Saved entries
====================

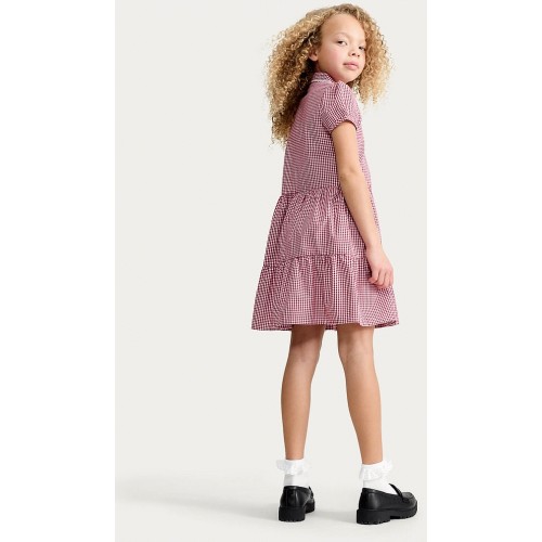 F&F School Girls Cotton Rich Gingham Tiered Dress in Red
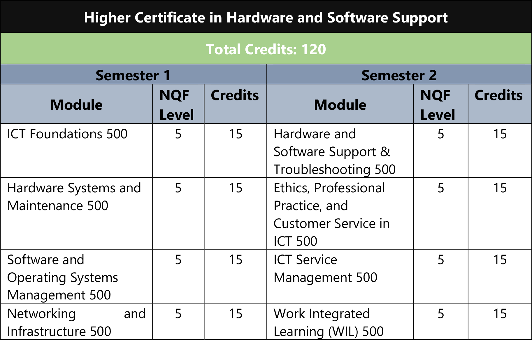 - Advanced Certificate in Information Technology (NQF Level 6)
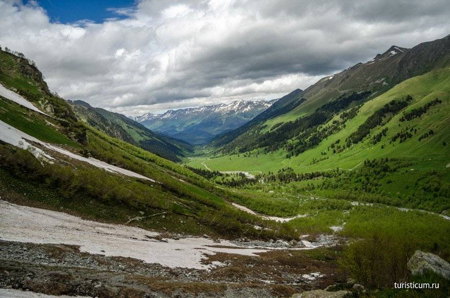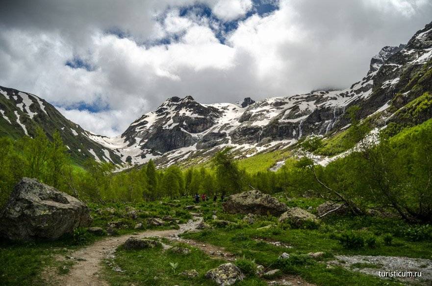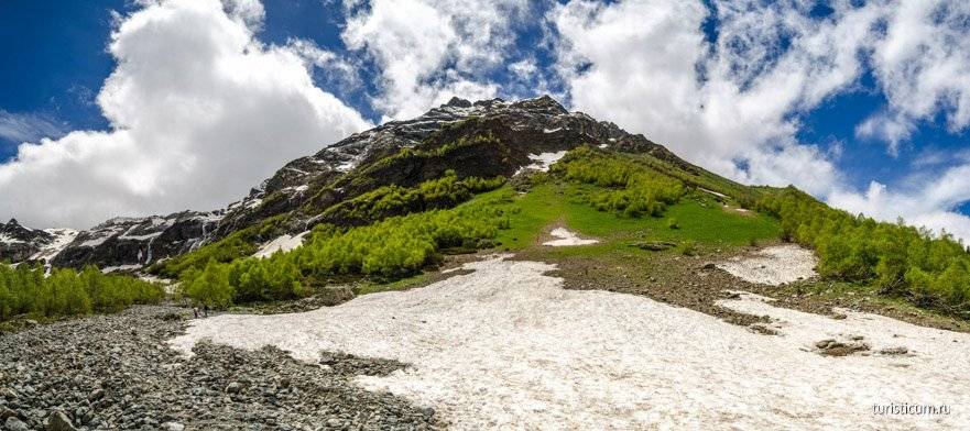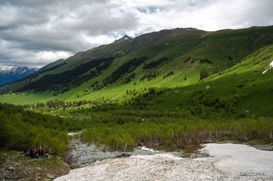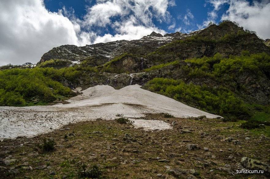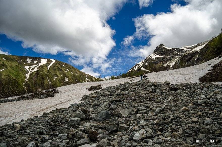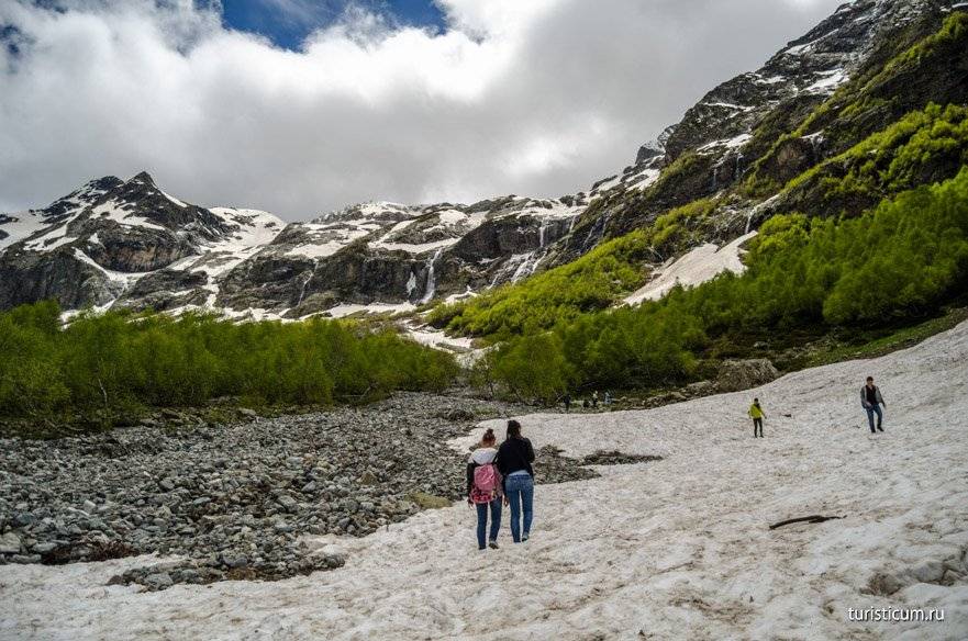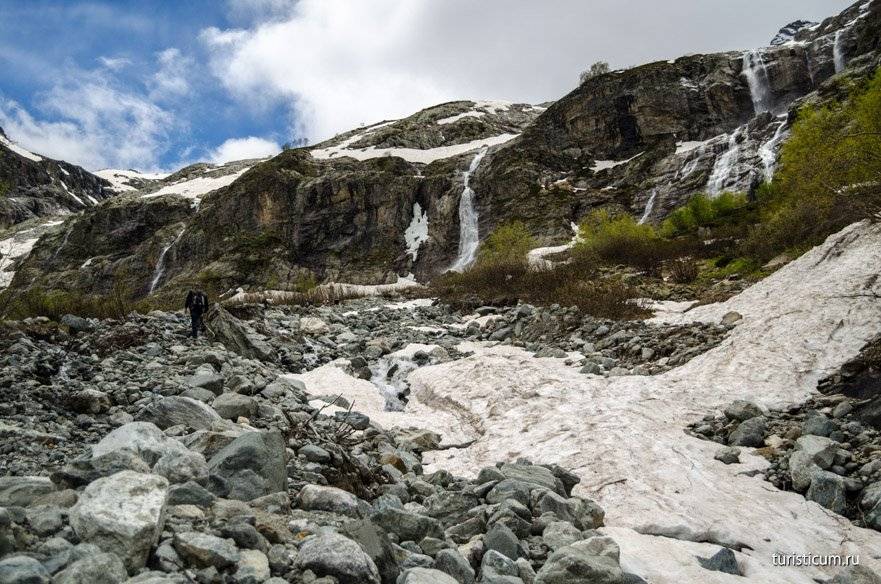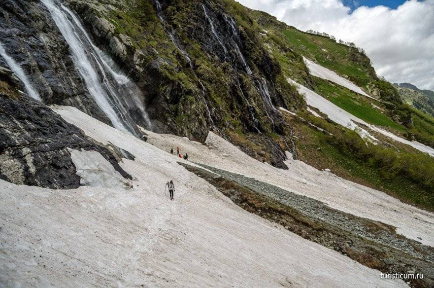 Второй километр вместе с подъемом приносит и трудности. Даже в середине июня, а именно тогда мы посетили Архыз, на склонах Софии еще лежит снег. Сами водопады открываются только в конце мая. Ледяная вода и снег сказываются на температуре воздуха, которая начинает понижаться. Чем выше мы забираемся, тем ниже температура. В среднем перепад температур на Софийских водопадах и на Ледниковой ферме составляет 5-7 градусов. Кроме того, местами придется идти по снегу, а в какой-то момент придется форсировать реку, хорошо если поток будет не сильным и можно будет переправиться по камням. Отсюда несколько советов относительно одежды. Одевайтесь сообразно. Это горы, берите с собой ветровку, одевайте кроссовки или ботинки, не одевайте тапочки и сланцы. Не забудьте крем от загара, в горах солнце безжалостно. Комфортная обувь поможет вам безопасно преодолеть снежники и уберегут вас от острых камней.
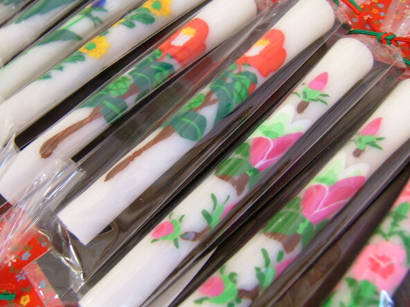 ろうそくには菊や牡丹、藤といった四季の花々が鮮やかに手描きされており、芯を作るところから蝋をかけ、削り、磨き、絵を描き、最後の仕上げまで、すべての工程が職人の手によって丁寧に行われています。
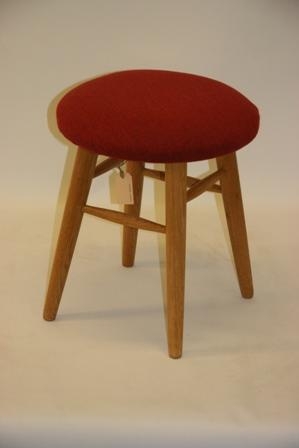 Kollur úr eik, seta klædd með rauðleitu íslensku ullaráklæði.
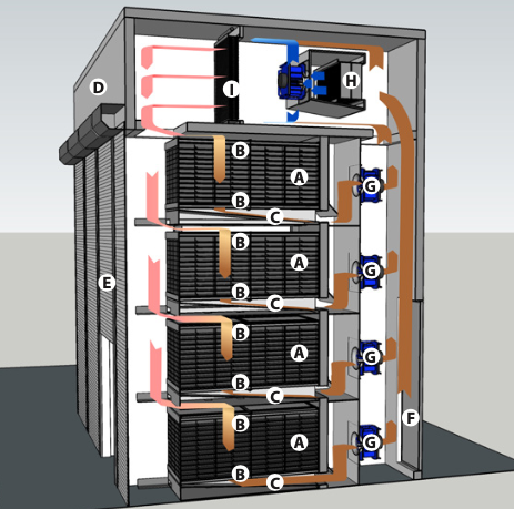 The ventilator (G) sucks the process air (U) through the Canna-Trays (A), filters (B) and venitlation pallet (C)

====================

WORK INSTRUCTION —
Your output should consist solely of the lines from the line containing "Kollur úr eik, seta" through the end of the data above, copied exactly, with images removed.

ANSWER TO THE EXERCISE —
 Kollur úr eik, seta klædd með rauðleitu íslensku ullaráklæði.
 The ventilator (G) sucks the process air (U) through the Canna-Trays (A), filters (B) and venitlation pallet (C)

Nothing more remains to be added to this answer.